◆ About this exercise: Beginning with the first line, retype exactly the records below up to and including the line with "จิตอาสาดูแลนีก"; pictures do not belong in the copy.

★ ★ ★ ★ ★ ★ ★

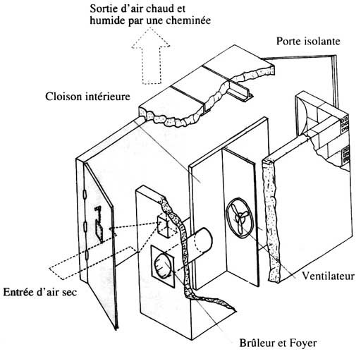 - d'une cloison intérieure en briques cuites permettant la circulation de l'air en boucle et délimitant 2 couloirs: 1 couloir dans lequel l'air est chauffé puis propulsé, et 1 couloir pouvant recevoir 2 chariots de 32 claies chacun pour le séchage des produits.
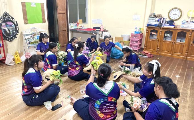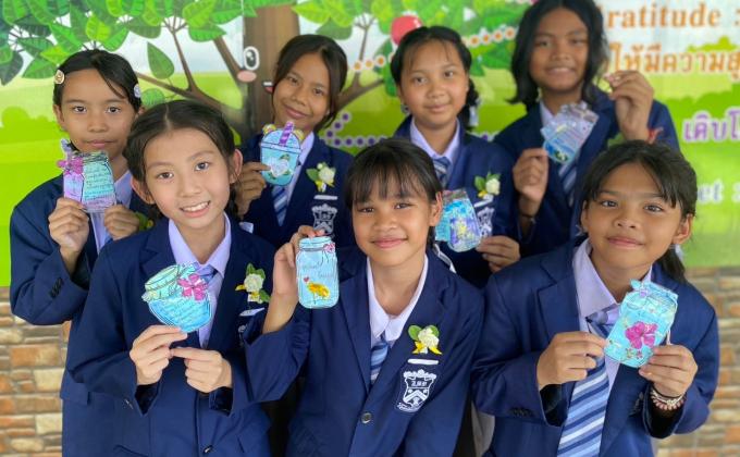 จิตอาสาดูแลนีกเรียนทำการ์ดมอบให้ผู้มีพระคุณ
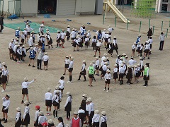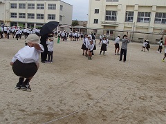 今週は、なわとび週間です。15分休みに、たてわり班ごとに大なわをしています。苦手な児童もいますが、たてわり班で教えあいながら練習する仲で、だんだん上達しています。
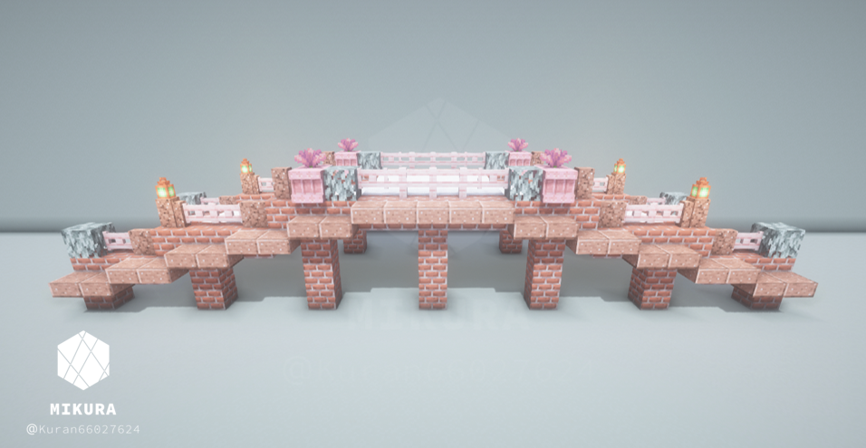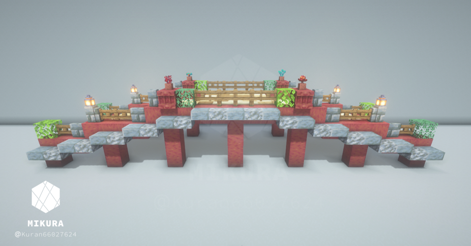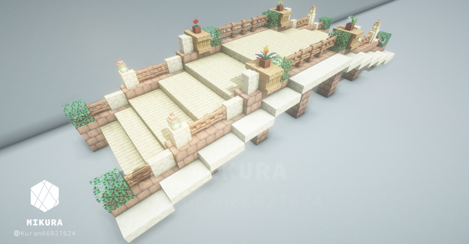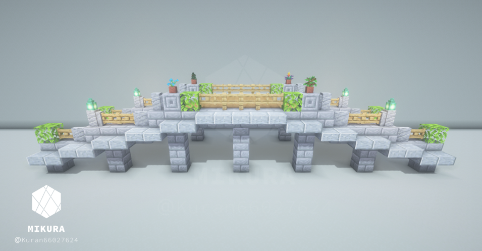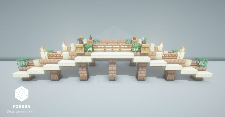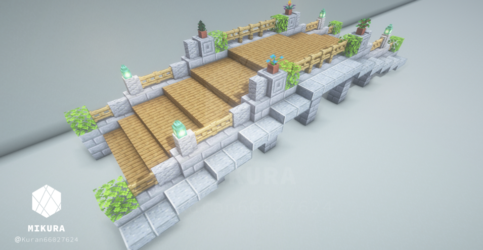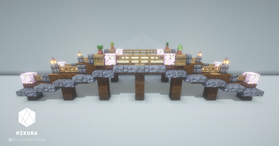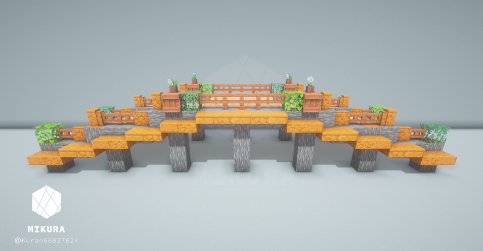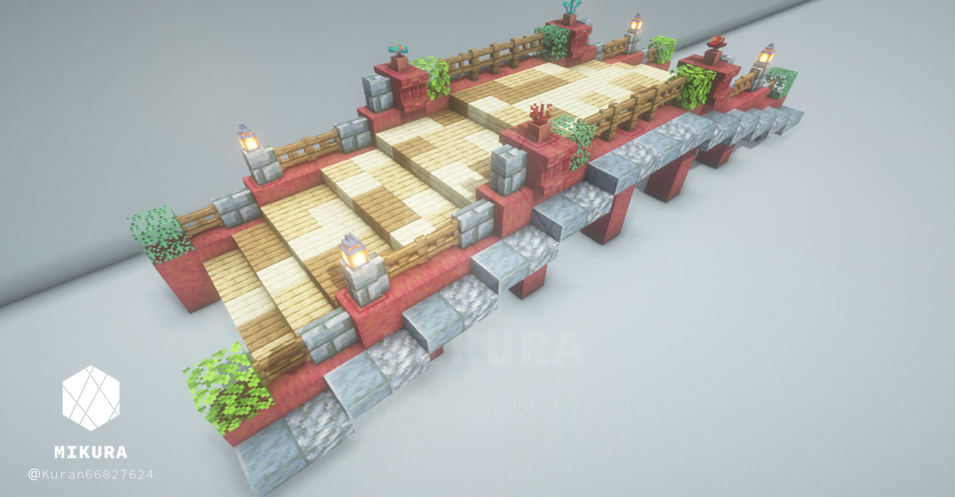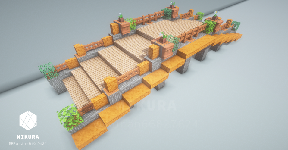 上のいかつい橋のアイデアを、より軽い印象でも使いたくて作成した木製の橋のアイデアです。そのバイオームに生えている木材に合わせて作ると景観と馴染みやすいと思います。
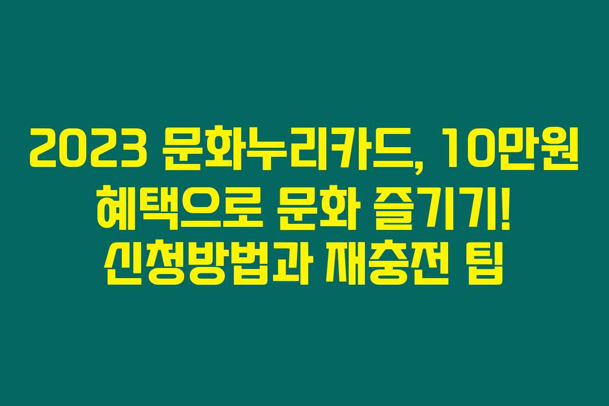 정부에서 문화누리카드로 제공하는 10만원 지원 혜택은 저소득층에게 특별한 문화 경험을 선사할 기회입니다. 문화누리카드를 통해 공연, 전시, 여행 등의 문화 활동을 더 높은 할인율로 즐길 수 있습니다. 아래를 읽어보시면 이 카드의 신청과 재충전 방법, 그리고 활용 팁에 대해 자세히 알아볼 수 있습니다. 지금 바로 확인해 보세요!
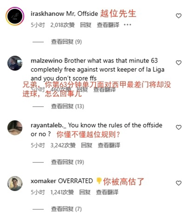 还有球迷甚至认为姆巴佩能力不够配不上皇马,要求俱乐部解雇他:“我对你非常失望!”;你杀死了比赛,表现真的太糟糕了!”;“你的水平配不上为皇马踢球!”:“皇马需要解雇你!”;“滚回农民联赛踢球吧,西甲不是你能达到的水准!”;“你的水平变得越来越低了,我希望你能远离金钱的诱惑,因为它们会像抛弃其他人一样,最终抛弃你!”
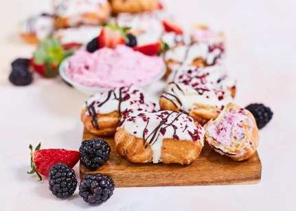 Eklēri ar ogu pildījumu baltajā šokolādē
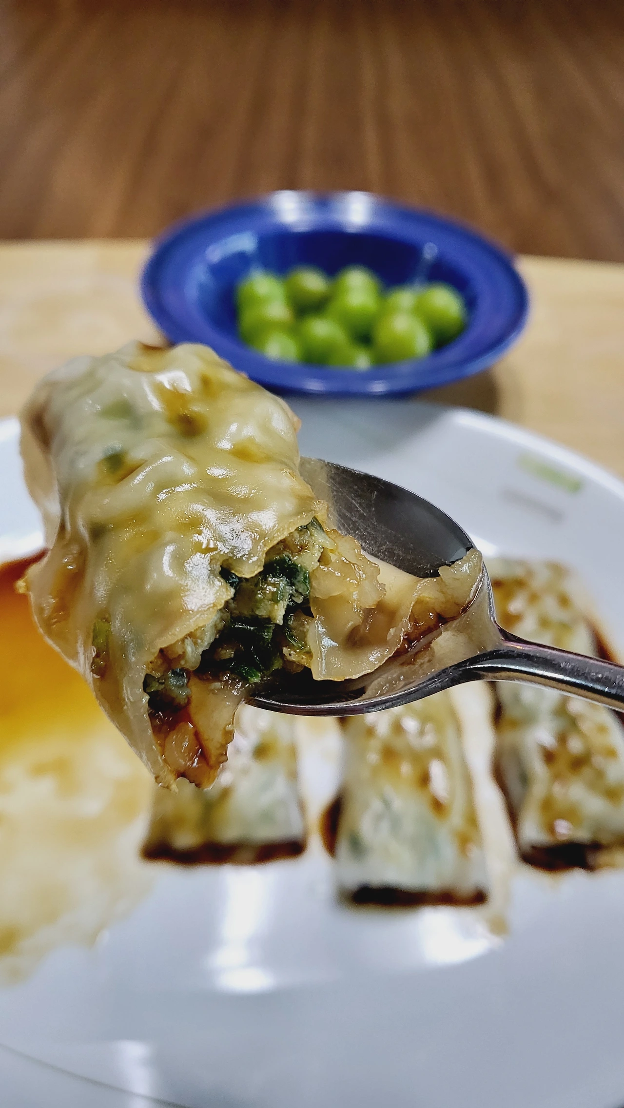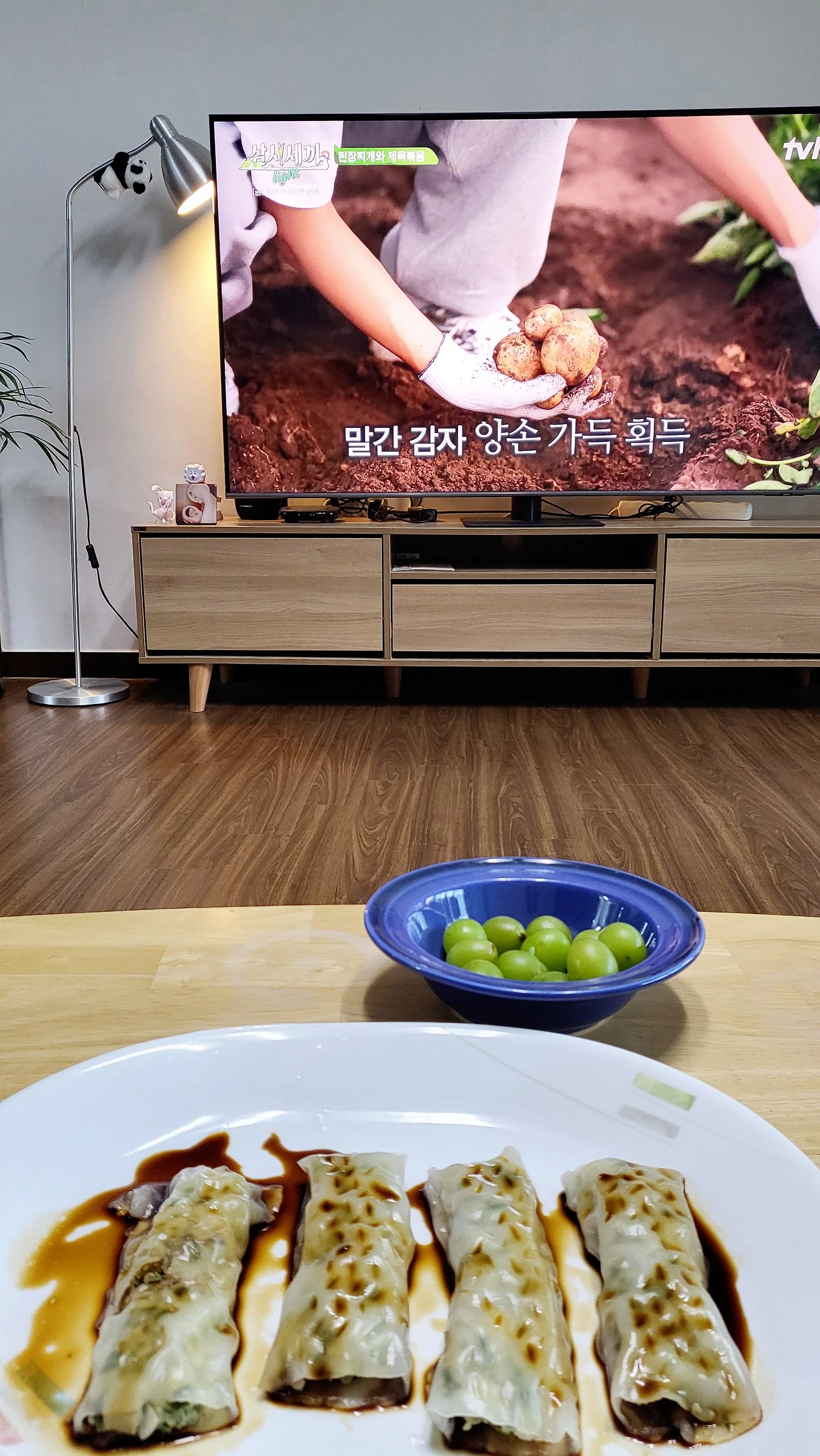 내가 좋아하는 삼시세끼 프로그램을 보면서 부추창펀 딤섬 네 개를 따끈하게 쪄먹었다.
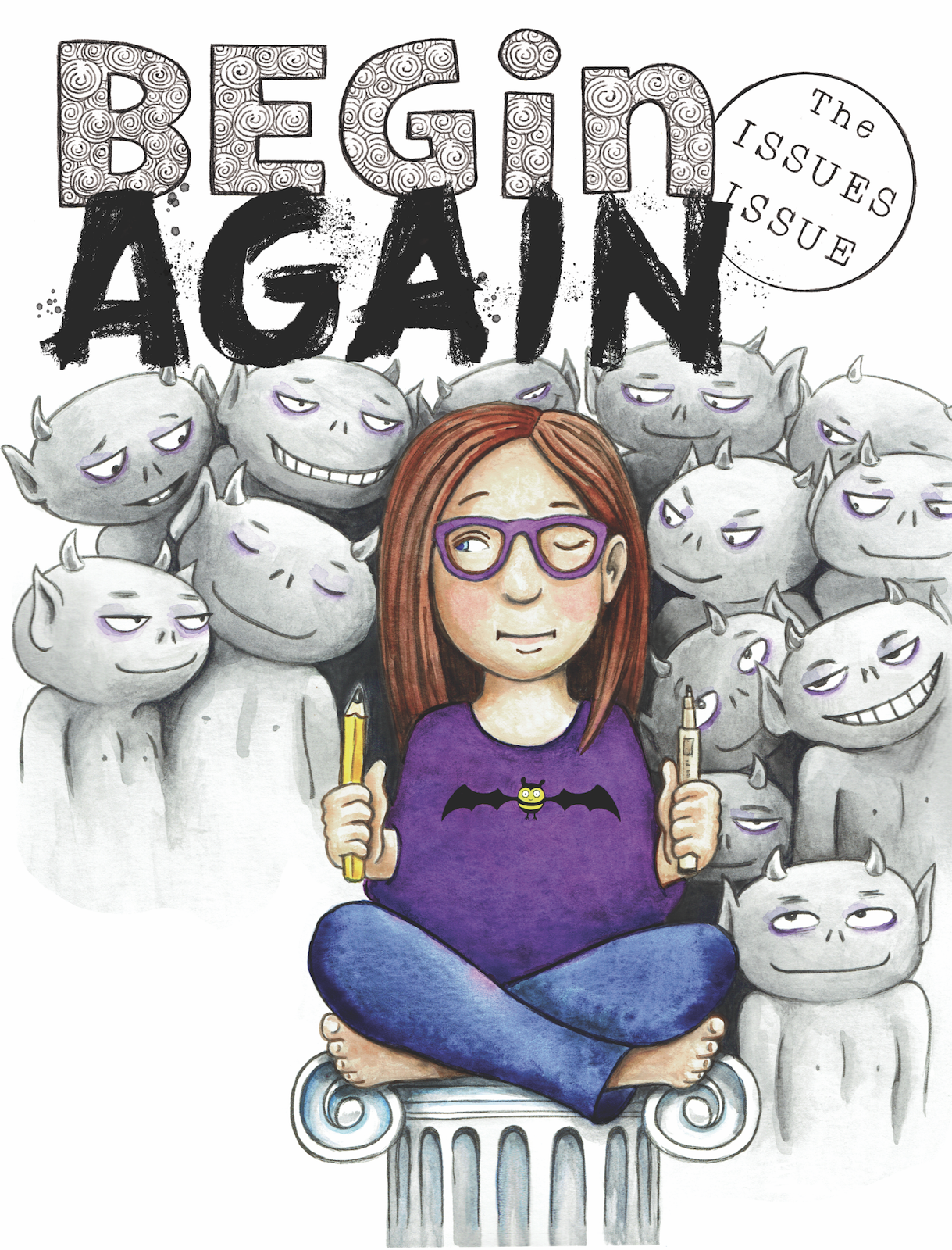I decided to feature them in the second issue of BEGIN AGAIN, "The Issues Issue" (ha ha!). I think it took longer to design the cover than it took to create the mini-comic! But it felt really good to "flesh" them out in watercolor and gouache.
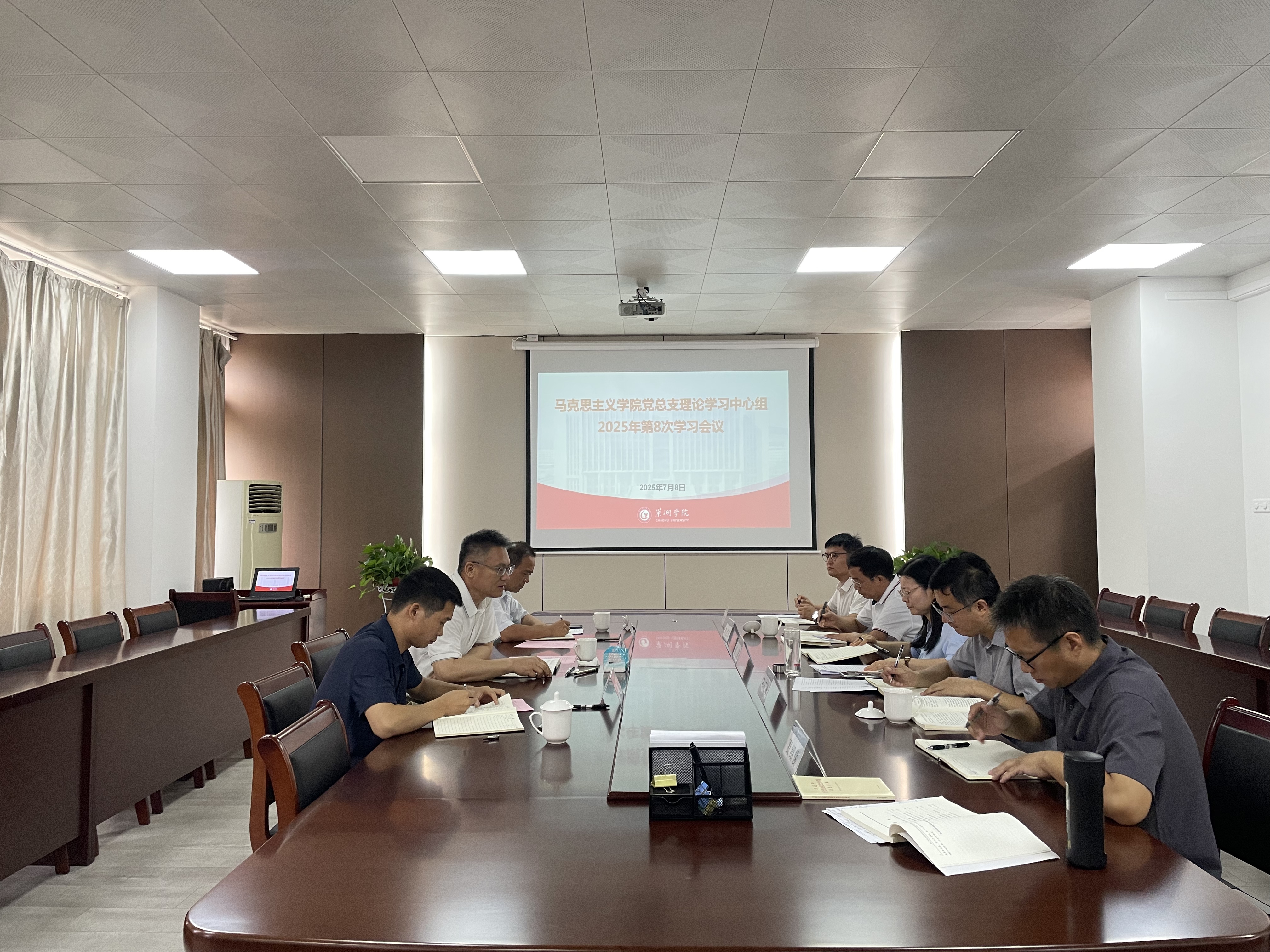 7月8日下午,马克思主义学院党总支在学院会议室召开理论学习中心组2025年第8次学习会议,学院党总支理论学习中心组成员参加学习。校党委书记周峰莅临指导,旅游管理学院党委书记洪作奎、党务(行政)秘书曾鹏列席旁听。马克思主义学院党总支书记杨芳主持会议。
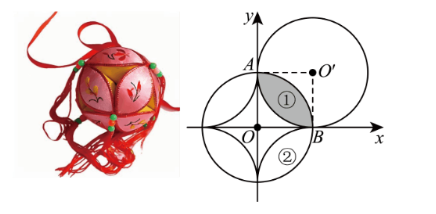 绣球是广西民族文化的特色载体.如图,设计某种绣球叶瓣时,可以先在图纸上建立平面直角坐标系,再分别以原点 $O, O^{\prime}(5,5)$ 为圆心、以 5 为半径作圆,两圆相交于 $A, B$ 两点,其公共部分构成叶瓣 ① (阴影部分),同理得到叶瓣 ② .
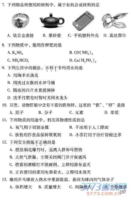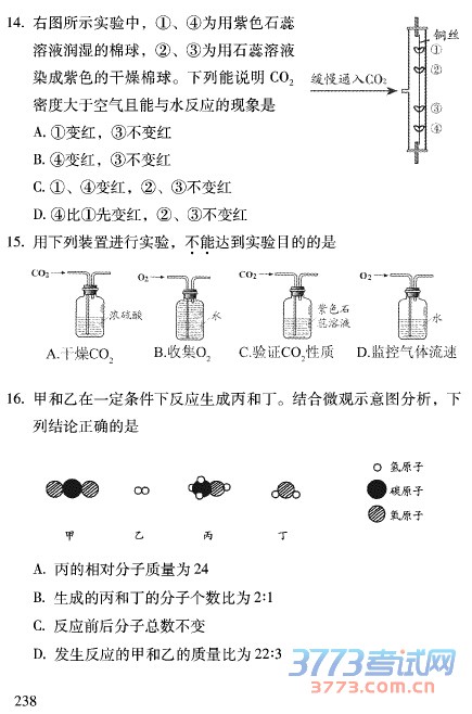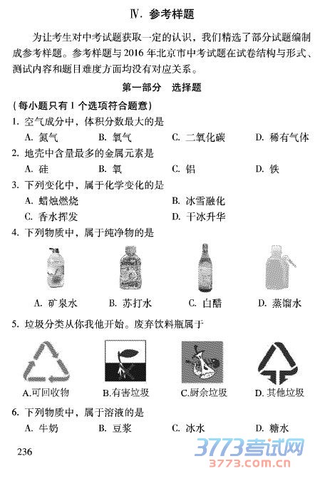 2016北京中考考试说明已经发布,下面是化学试卷参考样题及答案。

★ ★ ★ ★ ★ ★ ★

◆ Solution:
 - d'une cloison intérieure en briques cuites permettant la circulation de l'air en boucle et délimitant 2 couloirs: 1 couloir dans lequel l'air est chauffé puis propulsé, et 1 couloir pouvant recevoir 2 chariots de 32 claies chacun pour le séchage des produits.
 จิตอาสาดูแลนีกเรียนทำการ์ดมอบให้ผู้มีพระคุณ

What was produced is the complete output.